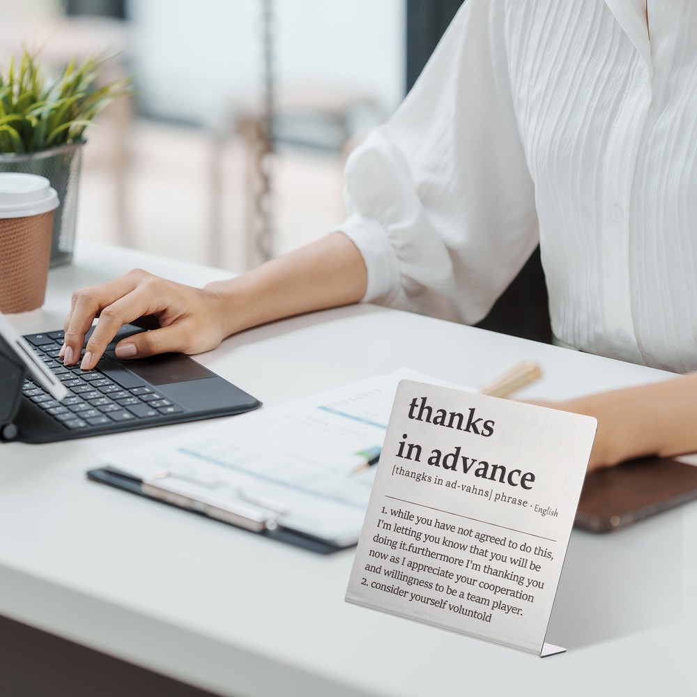Document MULTIPURPOSE - Funny desk decoration signs use humorous sentences to inspire smile and liven up the office atmosphere, bringing personality and fun to any workspace. Perfect for birthdays, events, home, and office decorationWHAT YOU GET - 1 x Funny office desk decor sign. And their sizes are: 10cm x 2.3cm x 10cm / 3.9inch x 0.9inch x 3.9inch(L*W*H); Material: Stainless steel; Color: Silver; Style: thanks in advanceRELIABLE MATERIAL - The funny desk decoration sign is made of stainless steel, which is strong and not easy to deform, waterproof and rust-proof, and durable. It is small in size and easy to place or move on the desk, and it does not take up too much space. The interesting title content has both decorative effects and brings fun.WIDELY USED - Funny office desk decor sign has a wide range of applications. It can be placed on the desk to decorate and bring fun to busy coworkers. It can be placed on bookshelves and wall cabinets to decorate the corners of the home. It can also be given to friends, colleague as interesting gifts.KINDLY NOTE - Please pay attention to the style and size of the title before purchasing Funny Desk Sign, Funny Nameplate, Silver (thanks in Advance) MULTIPURPOSE - Funny desk decoration signs use humorous sentences to inspire smile and liven up the office atmosphere, bringing personality and fun to any workspace. Perfect for birthdays, events, home, and office decoration WHAT YOU GET - 1 x Funny office desk decor sign. And their sizes are: 10cm x 2.3cm x 10cm / 3.9inch x 0.9inch x 3.9inch(L*W*H); Material: Stainless steel; Color: Silver; Style: thanks in advance RELIABLE MATERIAL - The funny desk decoration sign is made of stainless steel, which is strong and not easy to deform, waterproof and rust-proof, and durable. It is small in size and easy to place or move on the desk, and it does not take up too much space. The interesting title content has both decorative effects and brings fun. WIDELY USED - Funny office desk decor sign has a wide range of applications. It can be placed on the desk to decorate and bring fun to busy coworkers. It can be placed on bookshelves and wall cabinets to decorate the corners of the home. It can also be given to friends, colleague as interesting gifts. KINDLY NOTE - Please pay attention to the style and size of the title before purchasing Hot Item Payment 1.We accept eBay payment . 2.Payment must be received within 7 business days of auction closing. Shipping 1.We ship to your eBay or Paypal address. Please make sure your eBay and Paypal address is correct before you pay. 2.Items will be shipped within 1-3 business day when we received payment. 3.Delivery time depends on destination and other factors. Description Policy Funny Desk Sign, Funny Nameplate, Silver (thanks in Advance) MULTIPURPOSE - Funny desk decoration signs use humorous sentences to inspire smile and liven up the office atmosphere, bringing personality and fun to any workspace. Perfect for birthdays, events, home, and office decoration WHAT YOU GET - 1 x Funny office desk decor sign. And their sizes are: 10cm x 2.3cm x 10cm / 3.9inch x 0.9inch x 3.9inch(L*W*H); Material: Stainless steel; Color: Silver; Style: thanks in advance RELIABLE MATERIAL - The funny desk decoration sign is made of stainless steel, which is strong and not easy to deform, waterproof and rust-proof, and durable. It is small in size and easy to place or move on the desk, and it does not take up too much space. The interesting title content has both decorative effects and brings fun. WIDELY USED - Funny office desk decor sign has a wide range of applications. It can be placed on the desk to decorate and bring fun to busy coworkers. It can be placed on bookshelves and wall cabinets to decorate the corners of the home. It can also be given to friends, colleague as interesting gifts. KINDLY NOTE - Please pay attention to the style and size of the title before purchasing Hot Item Payment 1.We accept eBay payment . 2.Payment must be received within 7 business days of auction closing. Shipping 1.We ship to your eBay or Paypal address. Please make sure your eBay and Paypal address is correct before you pay. 2.Items will be shipped within 1-3 business day when we received payment. 3.Delivery time depends on destination and other factors.
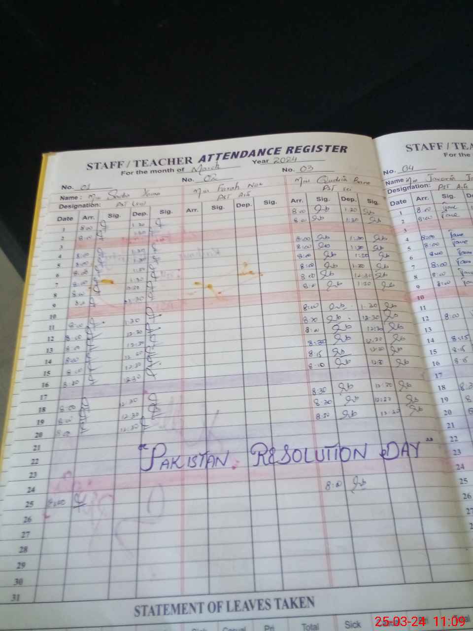 | Leave | Duty | Absent | Maternity | Medical | Ex- Pak |
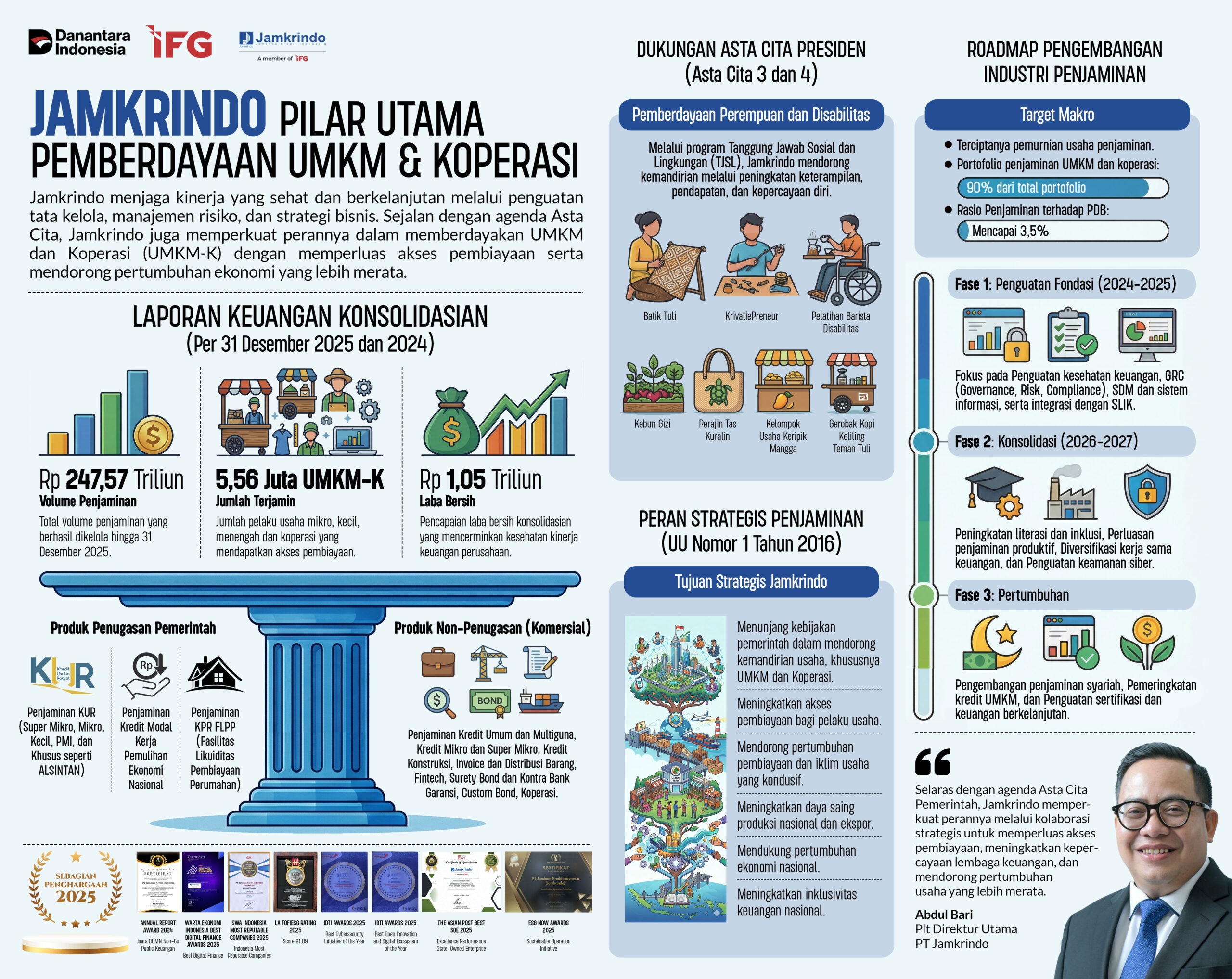 Di saat sektor usaha mikro, kecil, menengah, dan koperasi (UMKM-K) menjadi tulang punggung ekonomi nasional, kebutuhan akan akses pembiayaan yang inklusif dan berkelanjutan menjadi semakin penting. Tidak semua pelaku usaha memiliki jaminan yang cukup untuk memperoleh kredit dari lembaga keuangan. Di sinilah peran lembaga penjamin seperti Jamkrindo menjadi sangat strategis—menjembatani kebutuhan pembiayaan dengan kepercayaan industri keuangan.

= Directions for this task =
Transcribe each line above exactly, pictures excluded.

= Problem solution =
Document MULTIPURPOSE - Funny desk decoration signs use humorous sentences to inspire smile and liven up the office atmosphere, bringing personality and fun to any workspace. Perfect for birthdays, events, home, and office decorationWHAT YOU GET - 1 x Funny office desk decor sign. And their sizes are: 10cm x 2.3cm x 10cm / 3.9inch x 0.9inch x 3.9inch(L*W*H); Material: Stainless steel; Color: Silver; Style: thanks in advanceRELIABLE MATERIAL - The funny desk decoration sign is made of stainless steel, which is strong and not easy to deform, waterproof and rust-proof, and durable. It is small in size and easy to place or move on the desk, and it does not take up too much space. The interesting title content has both decorative effects and brings fun.WIDELY USED - Funny office desk decor sign has a wide range of applications. It can be placed on the desk to decorate and bring fun to busy coworkers. It can be placed on bookshelves and wall cabinets to decorate the corners of the home. It can also be given to friends, colleague as interesting gifts.KINDLY NOTE - Please pay attention to the style and size of the title before purchasing Funny Desk Sign, Funny Nameplate, Silver (thanks in Advance) MULTIPURPOSE - Funny desk decoration signs use humorous sentences to inspire smile and liven up the office atmosphere, bringing personality and fun to any workspace. Perfect for birthdays, events, home, and office decoration WHAT YOU GET - 1 x Funny office desk decor sign. And their sizes are: 10cm x 2.3cm x 10cm / 3.9inch x 0.9inch x 3.9inch(L*W*H); Material: Stainless steel; Color: Silver; Style: thanks in advance RELIABLE MATERIAL - The funny desk decoration sign is made of stainless steel, which is strong and not easy to deform, waterproof and rust-proof, and durable. It is small in size and easy to place or move on the desk, and it does not take up too much space. The interesting title content has both decorative effects and brings fun. WIDELY USED - Funny office desk decor sign has a wide range of applications. It can be placed on the desk to decorate and bring fun to busy coworkers. It can be placed on bookshelves and wall cabinets to decorate the corners of the home. It can also be given to friends, colleague as interesting gifts. KINDLY NOTE - Please pay attention to the style and size of the title before purchasing Hot Item Payment 1.We accept eBay payment . 2.Payment must be received within 7 business days of auction closing. Shipping 1.We ship to your eBay or Paypal address. Please make sure your eBay and Paypal address is correct before you pay. 2.Items will be shipped within 1-3 business day when we received payment. 3.Delivery time depends on destination and other factors. Description Policy Funny Desk Sign, Funny Nameplate, Silver (thanks in Advance) MULTIPURPOSE - Funny desk decoration signs use humorous sentences to inspire smile and liven up the office atmosphere, bringing personality and fun to any workspace. Perfect for birthdays, events, home, and office decoration WHAT YOU GET - 1 x Funny office desk decor sign. And their sizes are: 10cm x 2.3cm x 10cm / 3.9inch x 0.9inch x 3.9inch(L*W*H); Material: Stainless steel; Color: Silver; Style: thanks in advance RELIABLE MATERIAL - The funny desk decoration sign is made of stainless steel, which is strong and not easy to deform, waterproof and rust-proof, and durable. It is small in size and easy to place or move on the desk, and it does not take up too much space. The interesting title content has both decorative effects and brings fun. WIDELY USED - Funny office desk decor sign has a wide range of applications. It can be placed on the desk to decorate and bring fun to busy coworkers. It can be placed on bookshelves and wall cabinets to decorate the corners of the home. It can also be given to friends, colleague as interesting gifts. KINDLY NOTE - Please pay attention to the style and size of the title before purchasing Hot Item Payment 1.We accept eBay payment . 2.Payment must be received within 7 business days of auction closing. Shipping 1.We ship to your eBay or Paypal address. Please make sure your eBay and Paypal address is correct before you pay. 2.Items will be shipped within 1-3 business day when we received payment. 3.Delivery time depends on destination and other factors.
 | Leave | Duty | Absent | Maternity | Medical | Ex- Pak |
 Di saat sektor usaha mikro, kecil, menengah, dan koperasi (UMKM-K) menjadi tulang punggung ekonomi nasional, kebutuhan akan akses pembiayaan yang inklusif dan berkelanjutan menjadi semakin penting. Tidak semua pelaku usaha memiliki jaminan yang cukup untuk memperoleh kredit dari lembaga keuangan. Di sinilah peran lembaga penjamin seperti Jamkrindo menjadi sangat strategis—menjembatani kebutuhan pembiayaan dengan kepercayaan industri keuangan.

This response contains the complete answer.